At first, I thought all this movement away from the main stream had to do with being a parent or a stay-at-home husband. I guessed it was all the kids songs and late nights reading Thomas the Train, or singing the ABC’s, but it went back further than that.

I started to blame all the artists I got involved with in grad school. They are a deviously “Unamerican” crowd after all, but again I think the seeds were planted long before my MFA program.

As far as I can tell, my current predicament began forming all the way back in grade school. I was told I would be “somebody who could make a difference.” It doesn’t sound like much, but to a wide-eyed sensitive boy like myself, that was a very dangerous idea to suggest. It was license to be myself, act responsibly, and make decisions based on my conscience (built up to seek social justice by those same teachers.) Going through high school the pattern was there, yet no one saw it in time to confront it.

I made decisions based on what I thought was right and wrong, and tried to not hurt or judge anyone, including my parents or family. As a result, I didn’t drink or smoke. I didn’t stay out late without telling my parents.

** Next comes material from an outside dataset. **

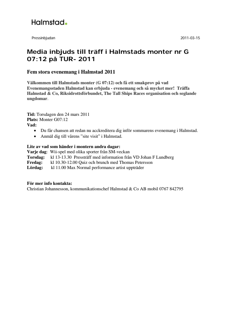 Media inbjuds till träff i Halmstads monter nr G 07:12 på TUR- 2011

I respected my teachers and wanted to learn, even though it was fairly boring. As a result, by the time I graduated, I had a job, a graduating GPA in the high 3’s, and one friend who wasn’t anywhere near my age. I was going to a good college, and I actually believed I would get somewhere important through being smart and doing the right thing.

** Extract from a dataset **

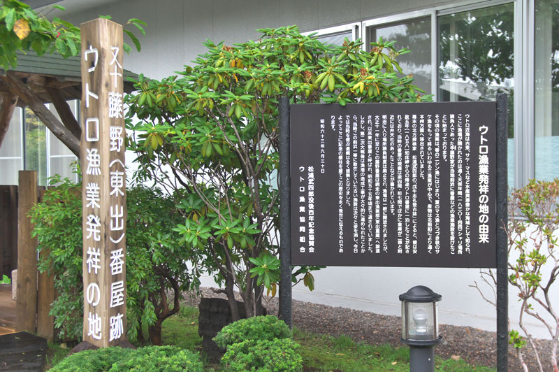 斜里町宇登呂の知床グランドホテル北こぶし敷地内にあり松浦武四郎顕彰記念碑と同時に建立されたようで、説明板では安政5年に当地に宿泊した松浦武四郎の日誌から引用している。説明板より転載『ウトロ近海は古来、サケ・マスなど水産資源豊かな海域として知られここに魚場が開かれたのは遠く天保年間(1830~44) シャリ場所請負人であった藤野家が当地前浜に番屋などの漁業施設を設けたことに始まっております、その頃の漁業は、春のニシン漁に始まり、夏のマス漁と続き秋のサケ漁をもって終わる三漁業が中心で、産物は北前船により遠く本州方面に移出されていました。幕末の北方探検家、松浦武四朗の「古い資料」によると彼は安政5年(1858) 知床岬からの帰途ウトロ番屋に一泊したことが記されており、当時の規模は梁四間・桁七間でほかに倉庫が二棟と附近には弁天社のあったことなどが書かれています。明治に入り場所請負制度は廃止され、魚場は一般に開放されましたが大正11年に至りこの藤野番屋は網走の東出漁業部(東出重蔵) へ譲渡され、以来東出番屋と呼ばれ、昭和55年頃まで遺されていました=以下省略=昭和63年9月30日 松浦武四郎没後百年記念協賛会 ウトロ漁業協同組合』安政5年当時はウトルチクシ(宇登呂)とホロベツ(幌別川付近)に番屋があり元々の規模は梁4間・桁6間だったようですが、ウトルチクシの番屋では秋田家が来るとのことで桁1間を継ぎ足し梁4間・桁7間にした(宿泊用の増設?)という。番屋以外ではウトルチクシに備米蔵と雑蔵、ホロベツには雑蔵と雇蔵があったという。通行屋を兼ねた番屋であったようです。◇所在地:斜里町宇登呂 知床グランドホテル北こぶし 前庭 ◇N44°07’21.49” E144°99’45.93”

Fast forward to today, and you can guess how out of touch I am, and how few people I interacted with, never mind friends. I am shut in my house doing chores, playing games with my amazing son, and without a job prospect or even much of a career path. I am an artist. Yikes! I kid myself by thinking that my artwork is relevant, and that I will have more time in coming years to get it out there for the world to soak up, but we all know that my work isn’t relevant, I won’t have more time, and no one will ever really care much for what I do. Without my wife’s grace, who knows what sort of depressing suit I would be.

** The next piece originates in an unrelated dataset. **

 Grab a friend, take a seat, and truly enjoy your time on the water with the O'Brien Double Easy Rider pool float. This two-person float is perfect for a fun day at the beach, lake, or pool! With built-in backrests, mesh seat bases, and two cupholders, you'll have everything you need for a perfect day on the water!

I am on the outside after all, and time is not on my side. I am out of touch with the common experience, and therefore my timelines are off. My work talks to a different cultural site (if it even goes beyond my head,) and as a result little of what I make is useful or meaningful to anyone.

Beyond the basic question of how I will make a living in this type of life, there is a deeper question here. It is the question that I am getting at under my jest. How close to the cultural center does a person need to be for work to be valued? I am not truly an outsider; I speak the common language, I have the same middle class background and interests, but I am also not capable of being in the here-and-now. Being current is what cultural producers/employers/curators/etc. seek. Being in the here and now is what normalcy requires, and what sanity is based on is it not?

How far afield can a person stray before they become lost from society, I wonder?